> [Entries supplied]
━━━━
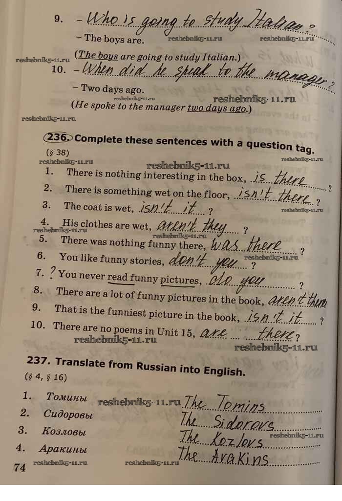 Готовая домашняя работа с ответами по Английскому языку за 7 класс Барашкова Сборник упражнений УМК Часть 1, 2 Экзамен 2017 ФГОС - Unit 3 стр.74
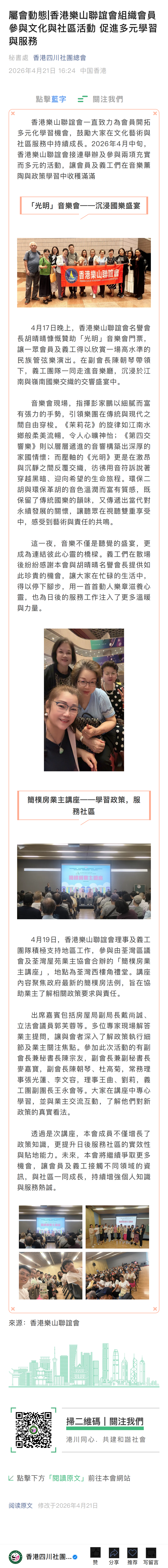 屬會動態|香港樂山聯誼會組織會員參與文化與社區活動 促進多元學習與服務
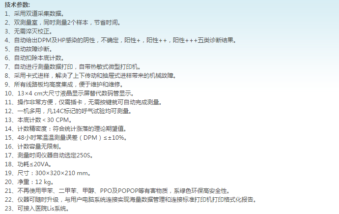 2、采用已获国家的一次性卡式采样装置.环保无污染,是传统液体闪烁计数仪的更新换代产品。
━━━━
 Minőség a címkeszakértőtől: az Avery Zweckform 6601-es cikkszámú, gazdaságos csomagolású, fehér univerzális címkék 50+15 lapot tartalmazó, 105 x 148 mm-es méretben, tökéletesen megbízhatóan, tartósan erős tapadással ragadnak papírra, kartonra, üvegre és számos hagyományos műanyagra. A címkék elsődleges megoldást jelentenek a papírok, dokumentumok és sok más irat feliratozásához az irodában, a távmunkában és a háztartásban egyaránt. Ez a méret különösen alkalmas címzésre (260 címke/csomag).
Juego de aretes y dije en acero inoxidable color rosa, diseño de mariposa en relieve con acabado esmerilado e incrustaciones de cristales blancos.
━━━━
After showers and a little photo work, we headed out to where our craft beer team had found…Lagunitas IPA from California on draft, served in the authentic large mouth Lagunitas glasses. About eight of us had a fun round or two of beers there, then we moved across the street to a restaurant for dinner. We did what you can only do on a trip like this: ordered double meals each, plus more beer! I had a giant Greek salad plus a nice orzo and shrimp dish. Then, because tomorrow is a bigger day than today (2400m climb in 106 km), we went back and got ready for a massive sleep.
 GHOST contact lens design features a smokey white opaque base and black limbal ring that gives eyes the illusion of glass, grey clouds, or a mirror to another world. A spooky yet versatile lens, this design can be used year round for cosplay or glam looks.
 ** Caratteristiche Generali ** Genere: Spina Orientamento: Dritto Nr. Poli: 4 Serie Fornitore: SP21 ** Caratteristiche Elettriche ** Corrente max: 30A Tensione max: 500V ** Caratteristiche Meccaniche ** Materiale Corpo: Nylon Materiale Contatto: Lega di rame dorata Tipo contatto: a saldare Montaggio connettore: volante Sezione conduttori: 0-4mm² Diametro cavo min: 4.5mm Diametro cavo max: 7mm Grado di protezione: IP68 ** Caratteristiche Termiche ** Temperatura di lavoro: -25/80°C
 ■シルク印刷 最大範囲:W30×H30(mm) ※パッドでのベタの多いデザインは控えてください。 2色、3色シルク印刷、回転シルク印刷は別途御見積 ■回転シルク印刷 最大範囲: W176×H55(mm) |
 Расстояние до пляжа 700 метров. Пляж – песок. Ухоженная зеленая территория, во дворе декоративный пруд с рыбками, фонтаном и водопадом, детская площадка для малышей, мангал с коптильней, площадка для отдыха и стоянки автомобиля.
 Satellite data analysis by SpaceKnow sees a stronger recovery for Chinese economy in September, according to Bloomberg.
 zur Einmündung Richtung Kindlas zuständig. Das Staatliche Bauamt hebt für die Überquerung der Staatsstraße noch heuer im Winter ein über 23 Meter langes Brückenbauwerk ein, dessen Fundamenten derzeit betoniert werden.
━━━━
> [Required work] Reproduce, character for character, only the lines of the preceding data that start at the line with "GHOST contact lens" and end at the line with "最大範囲: W176×H55(mm) |", both included.

> [Written response]
 GHOST contact lens design features a smokey white opaque base and black limbal ring that gives eyes the illusion of glass, grey clouds, or a mirror to another world. A spooky yet versatile lens, this design can be used year round for cosplay or glam looks.
 ** Caratteristiche Generali ** Genere: Spina Orientamento: Dritto Nr. Poli: 4 Serie Fornitore: SP21 ** Caratteristiche Elettriche ** Corrente max: 30A Tensione max: 500V ** Caratteristiche Meccaniche ** Materiale Corpo: Nylon Materiale Contatto: Lega di rame dorata Tipo contatto: a saldare Montaggio connettore: volante Sezione conduttori: 0-4mm² Diametro cavo min: 4.5mm Diametro cavo max: 7mm Grado di protezione: IP68 ** Caratteristiche Termiche ** Temperatura di lavoro: -25/80°C
 ■シルク印刷 最大範囲:W30×H30(mm) ※パッドでのベタの多いデザインは控えてください。 2色、3色シルク印刷、回転シルク印刷は別途御見積 ■回転シルク印刷 最大範囲: W176×H55(mm) |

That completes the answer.